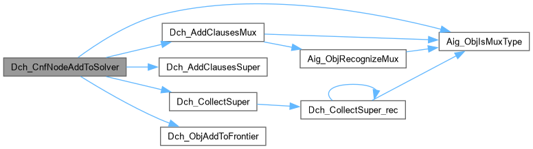 | void | Dch_CnfNodeAddToSolver (Dch_Man_t *p, Aig_Obj_t *pObj) |
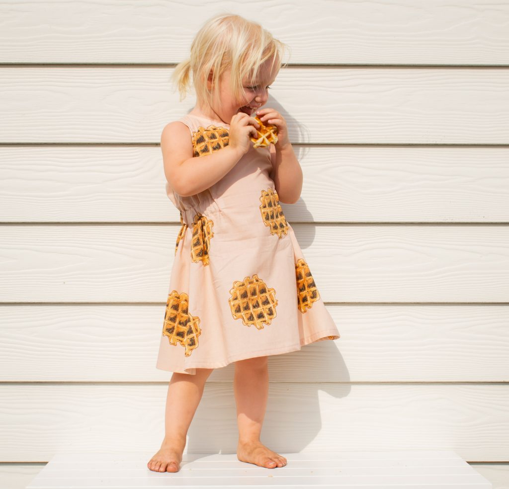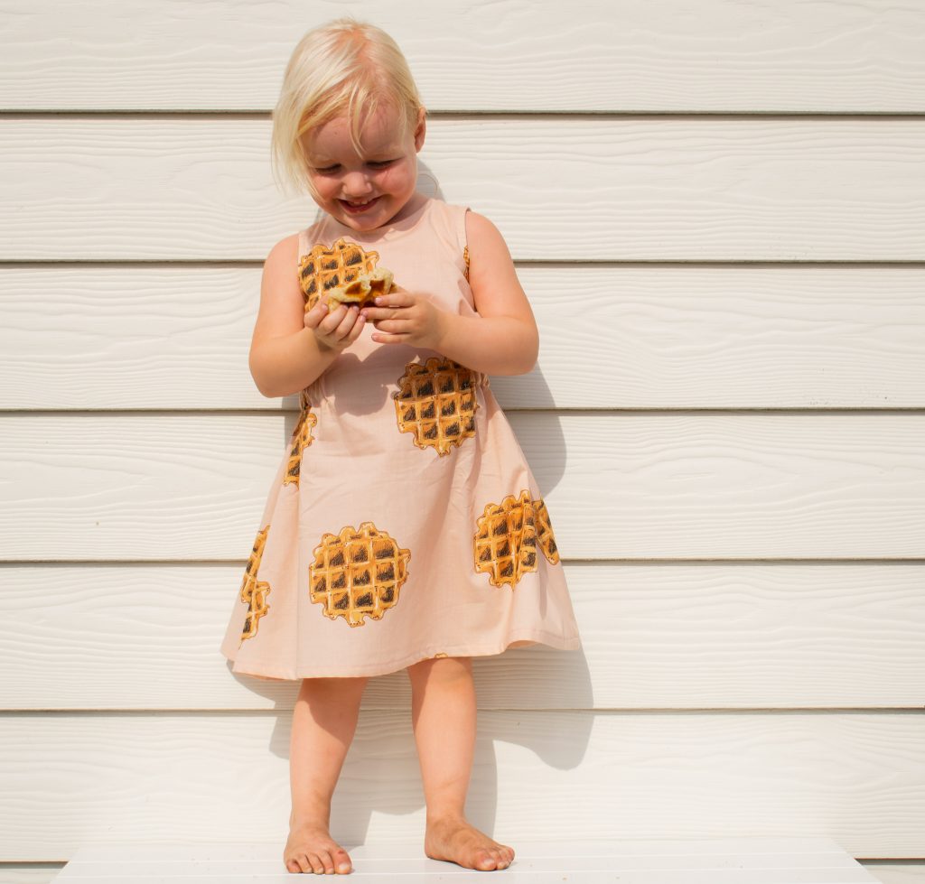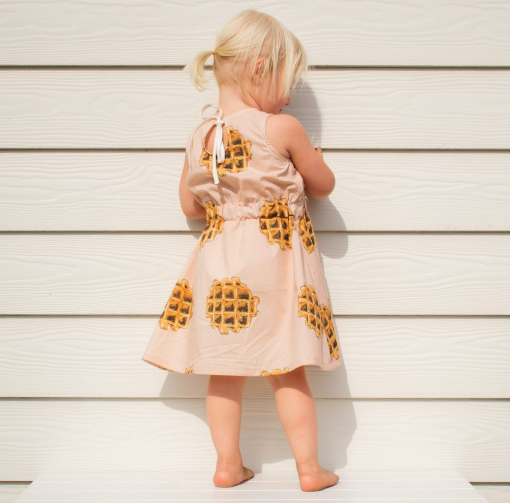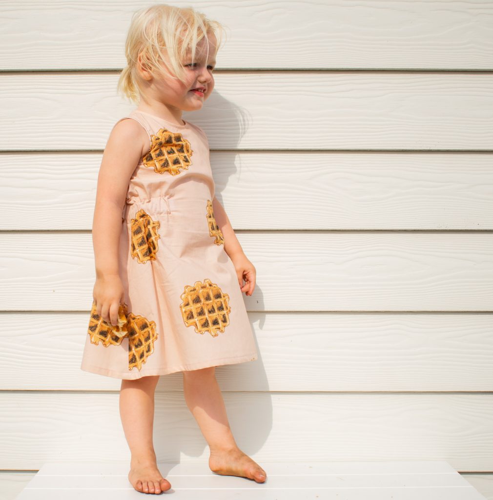 Het werd een simpel rimpelrokje, naar zeer gesmaakt recept: twee lappen op stofbreedte aan elkaar stikken, bovenaan een tunnel stikken en elastiek erdoor :-).
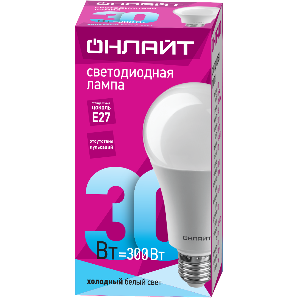 Лампа Онлайт А70-30-230-4К-Е27 61971
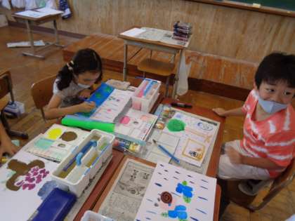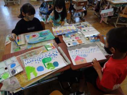 絵の具で表した後,ペンで仕上げをして,友達にどんな絵に見えるかをアドバイスしてもらいました。みんな満足のいく一枚を仕上げることができました。
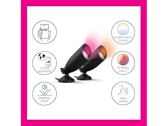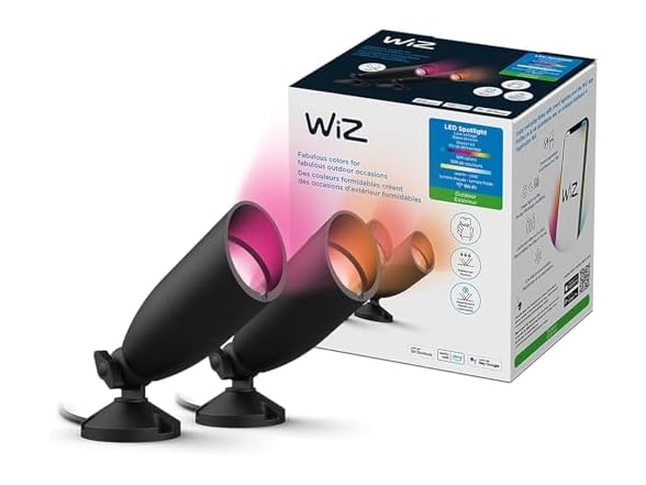 In the Box: (1) WiZ Connected LED Color Changing Outdoor Spotlight- Starter Kit - Weatherproof - Control with WiZ App - Works with Google Home, Alexa, and Siri Shortcuts - 2 Pack
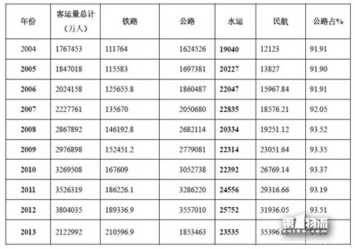 根据国家统计局解释,2013年公路水路客货运输数据源自2013年交通运输业经济统计专项调查,统计范围口径有所调整。按可比口径计算,2013年公路客运量、旅客周转量比上年分别增长4.2%、1.0%;水运客运量、旅客周转量比上年分别增长3.0%、2.9%。 也就是说,最近10年,公路客运量一直呈增长态势。
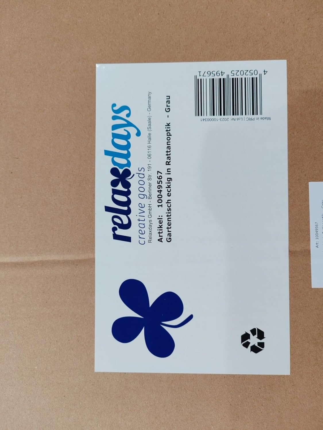 | Item Type Name | Relaxdays Folding garden table, HBD: 74 x 121.5 x 61 cm, rattan look, plastic, steel, weatherproof balcony table, grey |
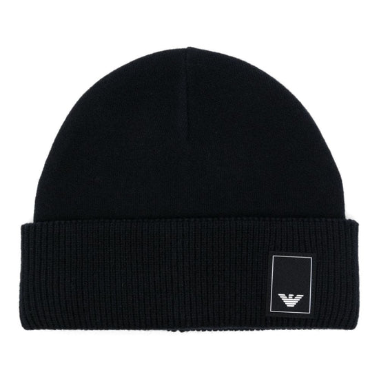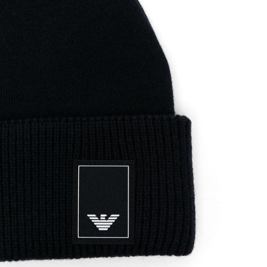 Navy blue virgin wool blend knitted construction logo patch to the front turn-up brim wool beanie
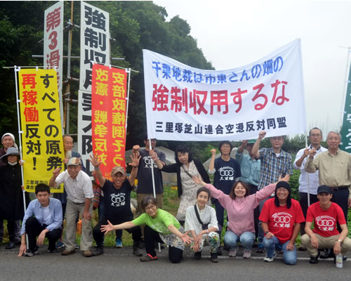司会の婦人行動隊・木内敦子さんがあいさつした。「今日まで土地強奪の強制執行を阻んできたが、今年後半はいよいよ勝負の時。こちらから先制的に闘いに打って出よう」。事務局の伊藤信晴さんが、空港機能強化攻撃の激化の中で周辺住民が怒りを込めて立ち上がりつつあることを報告し、市東さんの9・24請求異議裁判控訴審第1回への大結集を呼びかけた。
--------------------------------------------------
Write the material out again exactly as it appears, dropping the pictures.

 | void | Dch_CnfNodeAddToSolver (Dch_Man_t *p, Aig_Obj_t *pObj) |
 Het werd een simpel rimpelrokje, naar zeer gesmaakt recept: twee lappen op stofbreedte aan elkaar stikken, bovenaan een tunnel stikken en elastiek erdoor :-).
 Лампа Онлайт А70-30-230-4К-Е27 61971
 絵の具で表した後,ペンで仕上げをして,友達にどんな絵に見えるかをアドバイスしてもらいました。みんな満足のいく一枚を仕上げることができました。
 In the Box: (1) WiZ Connected LED Color Changing Outdoor Spotlight- Starter Kit - Weatherproof - Control with WiZ App - Works with Google Home, Alexa, and Siri Shortcuts - 2 Pack
 根据国家统计局解释,2013年公路水路客货运输数据源自2013年交通运输业经济统计专项调查,统计范围口径有所调整。按可比口径计算,2013年公路客运量、旅客周转量比上年分别增长4.2%、1.0%;水运客运量、旅客周转量比上年分别增长3.0%、2.9%。 也就是说,最近10年,公路客运量一直呈增长态势。
 | Item Type Name | Relaxdays Folding garden table, HBD: 74 x 121.5 x 61 cm, rattan look, plastic, steel, weatherproof balcony table, grey |
 Navy blue virgin wool blend knitted construction logo patch to the front turn-up brim wool beanie
司会の婦人行動隊・木内敦子さんがあいさつした。「今日まで土地強奪の強制執行を阻んできたが、今年後半はいよいよ勝負の時。こちらから先制的に闘いに打って出よう」。事務局の伊藤信晴さんが、空港機能強化攻撃の激化の中で周辺住民が怒りを込めて立ち上がりつつあることを報告し、市東さんの9・24請求異議裁判控訴審第1回への大結集を呼びかけた。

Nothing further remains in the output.